Scheduling

Longhorn schedules replicas based on multiple factors.

Scheduling Policy

Longhorn’s scheduling policy has two stages. The scheduler only goes to the next stage if the previous stage is satisfied. Otherwise, the scheduling will fail.

If any tag has been set in order to be selected for scheduling, the node tag and the disk tag have to match when the node or the disk is selected.

The first stage is the node and zone selection stage. Longhorn will filter the node and zone based on the Replica Node Level Soft Anti-Affinity and Replica Zone Level Soft Anti-Affinity settings.

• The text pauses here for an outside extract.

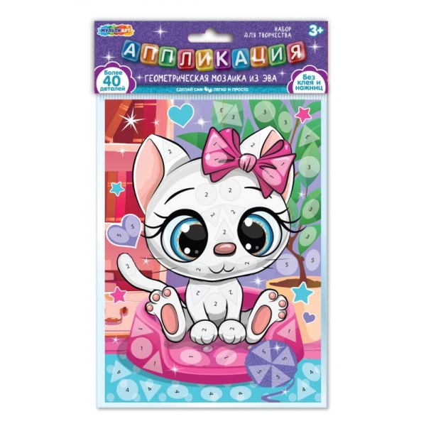 С помощью красочной картонной основы и разноцветных мягких элементов юная художница сможет самостоятельно создать необычную аппликацию с изображением милой белой кошечки с розовым бантиком. Готовую поделку можно подарить близким или использовать для украшения интерьера.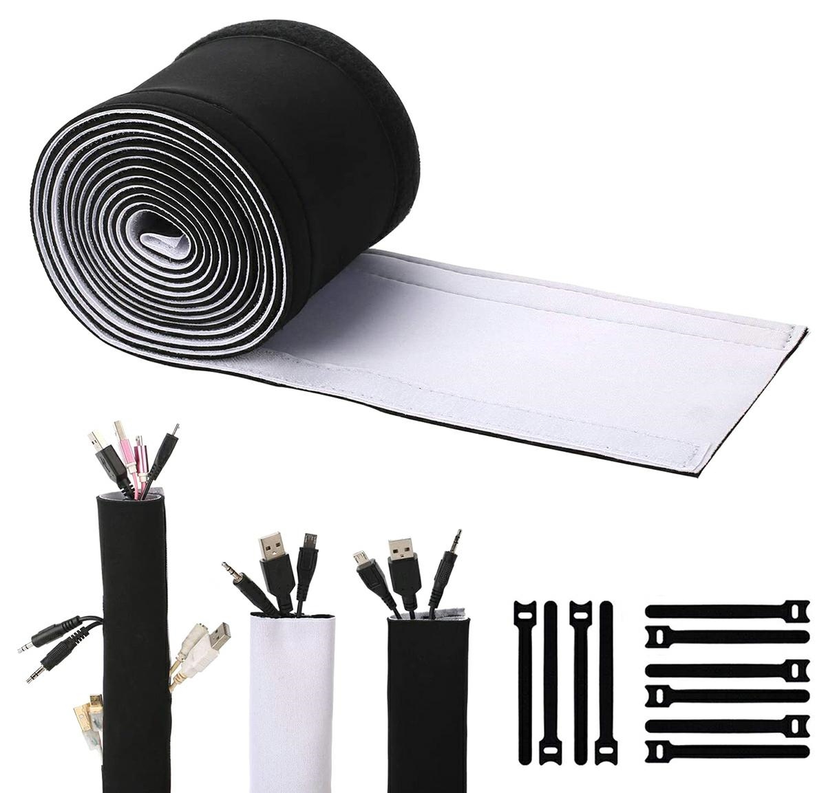Suvyniotas, neopreno kabelių tvarkytuvas, kurio ilgis iki 3 metrų. Įrengtas tvirtas Velcro užsegimas, kuris efektyviai apsaugo elektros laidus užlenkus dangtelį. Puikiai tinka RTV spintelėms ir biuro įrangai, laidų ritiniams tvarkyti. Tvirta medžiaga yra atspari pažeidimams ir tuo pačiu leidžia išpjauti skylutes bet kurioje vietoje.

The second stage is the disk selection stage. Longhorn will filter the disks that satisfy the first stage based on the Replica Disk Level Soft Anti-Affinity, Storage Minimal Available Percentage, Storage Over Provisioning Percentage, and other disk-related factors like requested disk space.

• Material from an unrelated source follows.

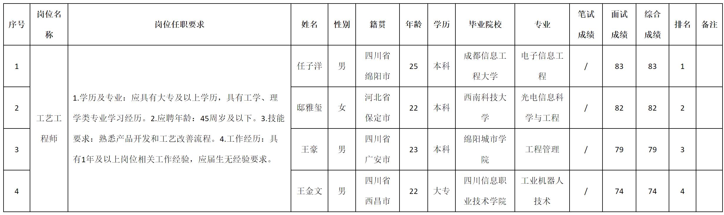 根據(jù)四川九華光子通信技術(shù)有限公司發(fā)布的招聘公告及招聘相關(guān)規(guī)定,現(xiàn)將測(cè)試成績(jī)予以公示。

The Node and Zone Selection Stage

First, Longhorn will always try to schedule the new replica on a new node with a new zone if possible. In this context, "new" means that a replica for the volume has not already been scheduled to the zone or node, and "existing" refers to a node or zone that already has a replica scheduled to it.

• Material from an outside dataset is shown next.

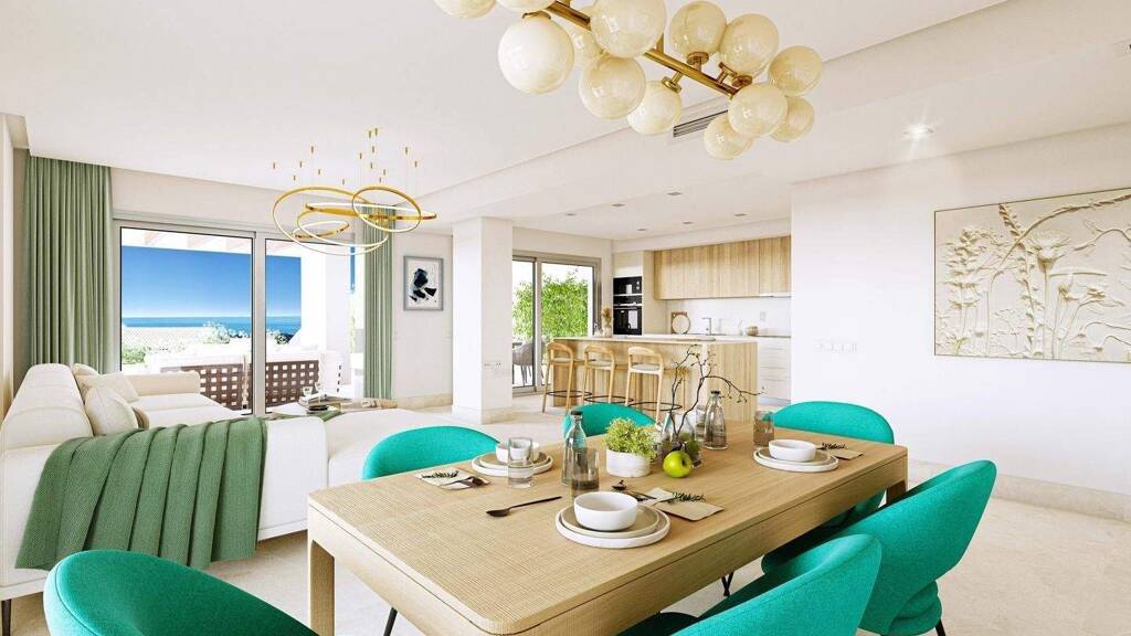 Dieses zeitgenössische Erdgeschoss-Apartment mit 2 Schlafzimmern und 2 Badezimmern befindet sich in einer neu erbauten Wohnanlage in den erhobenen Hügeln der New Golden Mile, einer Gegend, die für Ruhe, offene Landschaften und Nähe zur Küste bekannt ist. Genießen Sie einenpanoramablick über das Mittelmeer und die umliegenden Golfplätze; die Immobilie verbindet modernes Design mit einem starken Fokus auf Outdoor-Living und alltäglichen Komfort. Die Innenraumaufteilung konzentriert sich auf einen offenen Wohn- und Essbereich, der nahtlos mit der Küche verbunden ist und Raum für helles, funktionales Wohnen und Unterhaltung bietet. Große Formate-Fenster verlaufen entlang der Hauptfassade und lassen natürliches Licht in die Wohnung fluten, während sie den offenen Blick rahmen. Vom Wohnbereich führt der direkte Zugang zu einer großzügigen privaten Terrasse, die eine gedeckte Zone für Outdoor-Dining, Entspannung oder geselliges Beisammensein das ganze Jahr über umfasst. Diese Terrasse wirkt als natürliche Erweiterung des Innenraums und verstärkt das Raumgefühl sowie die Verbindung zur Umgebung. Die Küche besticht durch modernes Design mit einer zentralen Insel und ist mit hochwertigen Siemens-Geräten voll ausgestattet, wodurch klare Linien auf Funktionalität treffen. Eine unabhängige Waschküche liegt angrenzend an die Küche, damit Servicetätigkeiten unauffällig vom Hauptwohnraum getrennt bleiben. Die Gesamtaufteilung priorisiert fließende Bewegungsabläufe und eine klare Trennung zwischen Wohnen und Ruhen. Beide Schlafzimmer sind geräumig und mit Einbauschränken ausgestattet. Das Hauptschlafzimmer verfügt über ein en-suite Badezimmer und direkten Zugang zur Terrasse, was eine private und komfortable Rückzugsmöglichkeit mit Blick nach draußen bietet. Das zweite Schlafzimmer ist ebenso gut proportioniert und wird von einem zweiten Vollbad bedient, wodurch die Wohnung ideal für Paare, Gäste oder eine hochwertige Zweitresidenz ist. Die Immobilie ist mit Klimaanlage und Fußbodenheizung ausgestattet, was ganzjährigen Komfort gewährleistet. Zu den zusätzlichen Merkmalen zählen ein privater Abstellraum und ein Tiefgaragenstellplatz, beide bequem über den Aufzug von den Wohnebenen aus erreichbar. Bewohner der Entwicklung genießen eine sorgfältig gestaltete Gemeinschaftsumgebung mit einem großen Salzwasser-Schwimmbecken, einem separaten Kinderbecken, gepflegten Gärten und dedizierten Sanitäranlagen mit Duschen. Die Gemeinschaft ist darauf ausgelegt, einen entspannten Lebensstil zu bieten, während Privatsphäre und Sicherheit gewahrt bleiben. Gelegen in einer prestigeträchtigen und ruhigen Enklave der New Golden Mile profitiert das Apartment von schnellem Zugang zu Stränden, Golfplätzen und einem umfassenden Angebot an Annehmlichkeiten. Das Stadtzentrum von Estepona und Puerto Banús sind in ca. fünfzehn Autominuten erreichbar, was eine hervorragende Balance zwischen Abgeschiedenheit und Anbindung bietet. Diese Immobilie stellt eine attraktive Gelegenheit dar, modernes Wohnen mit Panoramablick, großzügigem Outdoor-Bereich und hochwertigen Ausstattungen in einer der gefragtesten aufstrebenden Lagen der Costa del Sol zu genießen. Für weitere Informationen oder um eine Besichtigung zu vereinbaren.

At this time, if both the Replica Node Level Soft Anti-Affinity and Replica Zone Level Soft Anti-Affinity settings are un-checked, and if there is no new node with a new zone, Longhorn will not schedule the replica.

Then, Longhorn will look for a new node with an existing zone. If possible, it will schedule the new replica on the new node with an existing zone.

At this time, if Replica Node Level Soft Anti-Affinity is un-checked and Replica Zone Level Soft Anti-Affinity is checked, and there is no new node with an existing zone, Longhorn will not schedule the replica.

Last, Longhorn will look for an existing node with an existing zone to schedule the new replica. At this time both Replica Node Level Soft Anti-Affinity and Replica Zone Level Soft Anti-Affinity should be checked.

Disk Selection Stage

Once the node and zone stage is satisfied, Longhorn will decide whether it can schedule the replica on any disk of the node. Longhorn will check the available disks on the selected node with the matching tag, the total disk space, and the available disk space. It will also check whether another replica already exists and whether anti-affinity is set to be "hard" (no sharing) or "soft" (prefer not to share.)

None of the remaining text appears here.